The appellant had appealed against both his conviction and sentence in his Notice of Appeal dated 25th March 2004. At the hearing of the appeal, I raised with his Counsel the question of duplicity in the charge laid against appellant. In the charge sheet, the appellant had been charged with wilfully assaulting, ill-treating and neglecting his son, Wong Zesapa, at Niqaqote village, in the Choiseul Province, on 30th November 2003. Counsel for the Crown, Mr. Cooper, intervened to say that in this case no question of duplicity arose. I suppose Mr. Cooper was right to the extent that Lord Diplock in DPP v. Merriman [1973] AC 584 had said that the rule against duplicity had always been applied in a practical way than in a strictly and analytical way. In this case, the appellant committed one act of assault and three acts of ill-treatment, namely throwing his son up and letting him land on the ground, forcing him to dig for fresh eggs in the ground and attempting to bury his son in the megapode hole. I also raised the question of a statement the appellant made in mitigation implying that he had the right to punish his son as he did in this case. That statement was capable of being a defence under section 233(4) of the Code. I did not press the matters of duplicity and a possible defence of parental right to administer reasonable punishment because the appellant had decided to amend his grounds of appeal to be an appeal against sentence only and not against conviction as he had intended in the first place. I granted the amendment.

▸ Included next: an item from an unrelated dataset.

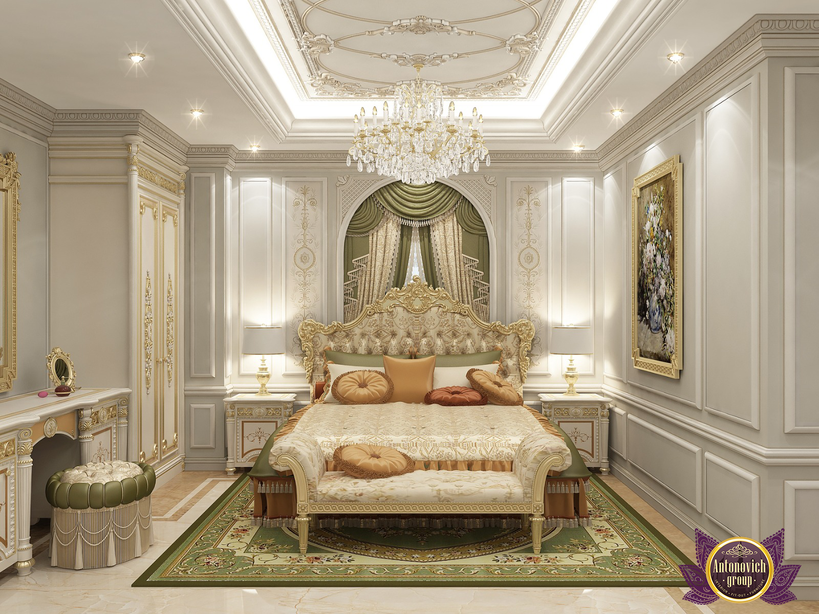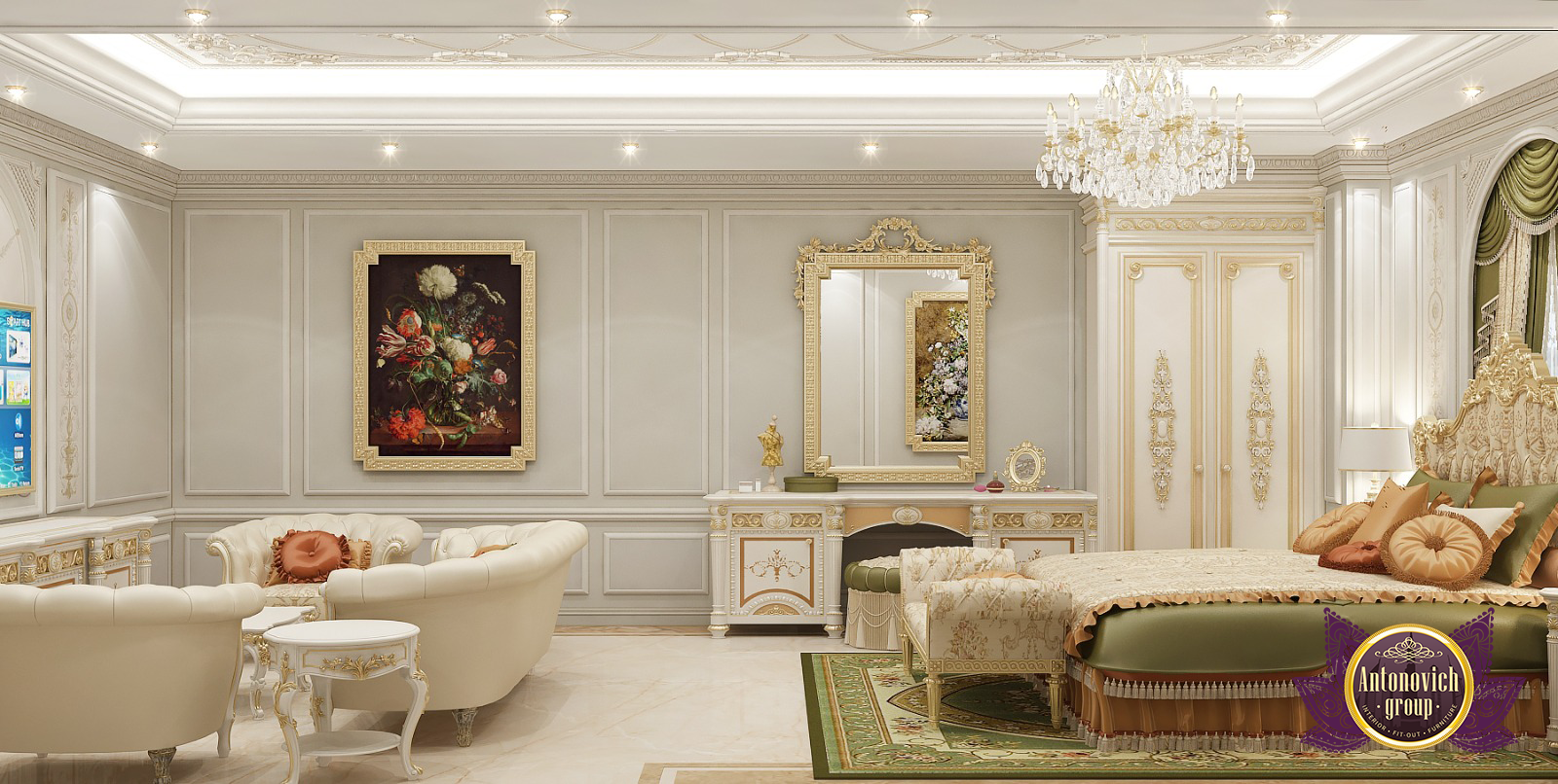 At the heart of this design is the artful use of color. The deep, lush shades of green envelop the space, creating an ambiance that is both calming and invigorating. This carefully chosen color palette draws inspiration from the natural world, bringing the tranquility of a verdant landscape into the confines of the bedroom. It pairs well with garden design Dubai. The walls, adorned with intricate patterns and finished in a luxurious deep green, serve as a canvas for the interplay of light and shadow, adding depth and character to the room. Such settings often benefit from landscape design execution to integrate outdoor views. In the realm of opulent interior design, The Antonovich Group has once again outdone itself with their breathtaking Green and Gold Luxury Classic Bedroom design. This masterpiece exudes an air of timeless elegance and regal charm, setting a new standard for luxurious living spaces. With an eye for detail that only The Antonovich Group possesses, this bedroom interior is a symphony of rich green hues and gleaming gold accents, seamlessly blending classic aesthetics with modern sensibilities.

Is the sentence imposed excessive in the circumstances of this case?


Counsel for the Crown, Mr. Cooper, conceded that imprisonment for a term of two years for the offence committed by the appellant was excessive. The appellant has no previous convictions of any sort. The victim is his own son. The victim sustained no physical injuries to his body. The appellant is married and has two children who have missed him very much. The members of his family obviously do need him back home. The fact that he has been in prison since 18th March 2004 is enough to make him realize his mistake in overreacting against his son in the way he did. I find that a term of two years imprisonment is excessive in the circumstances in this case. In the exercise of my powers under section 293(a) of the Criminal Procedure Code "the CPC", I quash the sentence of two years imprisonment imposed upon the appellant by the learned Magistrate and substitute it with the period of time already served in prison since 18 March 2004 to the rising of the Court. I order accordingly. This means that the appellant is a free man at the rising of the Court. The total period of time already served is eight months plus a number of days to the rising of the Court.


Delay in this appeal


I have noticed that the appellant signed his Notice of Appeal on 25th March 2004 and received by the Prison Authorities in Gizo on 29th March 2004. The first direction hearing by the High Court was Friday 22nd October 2004 at 3.30 pm. There had been a delay of five months in this appeal. This is an injustice. If a prisoner is convicted and appeals against conviction or sentence let him or her be imprisoned for no longer than is necessary to prepare his or her appeal for hearing and determination. Inordinate delay due to loss of the file or oversight or inattention by Magistrate Court officials is no excuse. Justice must be seen to be done and not just talking, apologies or silence. "Justice delayed is justice denied" as often quoted.